Further, Comparative Example 4 in which the amount of the AN-PB (trade name), which is a diene rubber having a portion compatible with the ionomer resin, was large, the flight distance was short and the feel at impact was too soft. Was becoming.

[0064]

As described above, the present invention can provide a golf ball having a good shot feeling, high resilience performance, and a long flight distance.

[Brief description of the drawings]

FIG. 1 is a sectional view schematically showing an example of a golf ball according to the present invention.

[Explanation of symbols]

 1 core 1a center 1b thread rubber layer 2 cover

Claims (6)

[Claims] 1. A golf ball having a core and a cover, wherein the cover contains at least two components of an ionomer resin and a diene rubber having a portion compatible with the ionomer resin, and the ionomer resin and the ionomer resin.

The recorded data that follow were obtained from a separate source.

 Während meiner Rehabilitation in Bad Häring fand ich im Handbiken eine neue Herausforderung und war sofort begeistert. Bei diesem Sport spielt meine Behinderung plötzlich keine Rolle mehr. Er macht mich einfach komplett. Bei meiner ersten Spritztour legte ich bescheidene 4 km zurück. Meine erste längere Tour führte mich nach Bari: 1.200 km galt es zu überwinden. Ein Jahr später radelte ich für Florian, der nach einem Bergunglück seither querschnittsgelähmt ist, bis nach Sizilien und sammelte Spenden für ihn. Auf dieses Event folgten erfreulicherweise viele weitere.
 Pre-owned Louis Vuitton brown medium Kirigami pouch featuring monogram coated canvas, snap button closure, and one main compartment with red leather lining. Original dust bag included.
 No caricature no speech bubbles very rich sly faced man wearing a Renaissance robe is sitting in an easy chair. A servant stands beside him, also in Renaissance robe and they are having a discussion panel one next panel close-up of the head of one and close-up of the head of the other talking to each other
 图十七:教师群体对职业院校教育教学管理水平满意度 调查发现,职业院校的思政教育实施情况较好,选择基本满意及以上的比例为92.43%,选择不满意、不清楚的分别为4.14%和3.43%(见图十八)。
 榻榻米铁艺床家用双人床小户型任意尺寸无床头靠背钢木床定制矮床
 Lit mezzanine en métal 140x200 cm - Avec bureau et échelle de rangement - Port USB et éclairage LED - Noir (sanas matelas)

A golf ball, which comprises a dynamically crosslinked product of a mixture having a mixing ratio of 40:60 to 99: 1 by weight with a diene rubber having a portion compatible with. 2. Crosslinking of the diene rubber to 100 parts by weight of the diene rubber in the mixture containing at least two components of the ionomer resin and the diene rubber having a portion compatible with the ionomer resin. Agent 0.1
The golf ball according to claim 1, wherein the golf ball comprises a dynamically cross-linked product obtained by dynamically mixing 30 to 30 parts by weight and at least a part of the diene rubber. 3. The golf ball according to claim 1, wherein the diene rubber having a portion compatible with the ionomer resin is a diene rubber having maleic anhydride as one constituent. 4. The golf ball according to claim 1, wherein the diene rubber having a portion compatible with the ionomer resin is a diene rubber having an oxazoline group as one constituent. 5. The golf ball according to claim 1, wherein the diene rubber having a portion compatible with the ionomer resin is a diene rubber having an epoxy group as one constituent. 6. The golf ball according to claim 1, wherein the diene rubber having a portion compatible with the ionomer resin is a diene rubber having a glycidyl group as one constituent.